Now, looking at the picture below
https://pasteboard.co/Jr3CvTo.jpg
which is the output of nsys-ui, I guess the total time calculation should be
0.9990.5750.745*0.882=0.377
or 37.7%.
Am I right? What is missing here?
This is saying that the executions of this kernel represent 51.8% of the execution time of all the things in this report.
The help explains it better:
Note that the “Time(%)” column is calculated using a summation of the “Total Time” column, and represents that API call’s, kernel’s, or memory operation’s percent of the execution time of the APIs, kernels and memory operations listed, and not a percentage of the application wall or CPU execution time.
Here is the full help output:
$ nsys stats --help-reports apigpusum
apigpusum[:base] -- CUDA API & GPU Summary (CUDA API + kernels + memory ops)
base - Optional argument, if given, will cause summary to be over the
base name of the kernel, rather than the templated name.
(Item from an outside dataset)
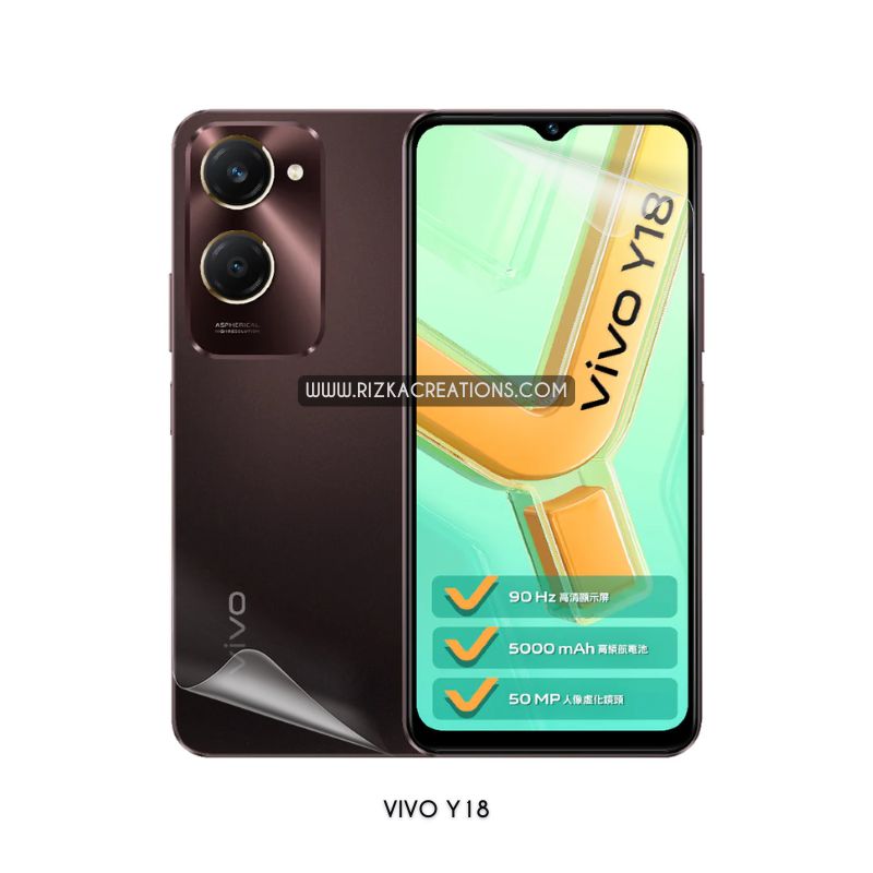 Protect your VIVO Y18 with custom-fit Hydrogel Screen and Back Protectors from rizkaCreations.com. Offering superior shock absorption, self-healing, and high touch sensitivity. Available in Clear and Matte finishes for durable, flexible protection tailored to your device.

Output: All time values given in nanoseconds
Time(%) : Percentage of "Total Time"
Total Time : The total time used by all executions of this kernel
Instances: The number of executions of this object
Average : The average execution time of this kernel
Minimum : The smallest execution time of this kernel
Maximum : The largest execution time of this kernel
Category : The category of the operation
Operation : The name of the kernel
This report provides a summary of CUDA API calls, kernels and memory
operations, and their execution times. Note that the "Time(%)"
column is calculated using a summation of the "Total Time" column,
and represents that API call's, kernel's, or memory operation's
percent of the execution time of the APIs, kernels and memory
operations listed, and not a percentage of the application wall or
CPU execution time.
This report combines data from the "cudaapisum", "gpukernsum", and
"gpumemsizesum" reports. It is very similar to profile section of
"nvprof --dependency-analysis".
But the difference between that and what I see in the nsys-ui is large. nsys-ui also says a kernel takes X percents in a stream and that stream takes Y percent and …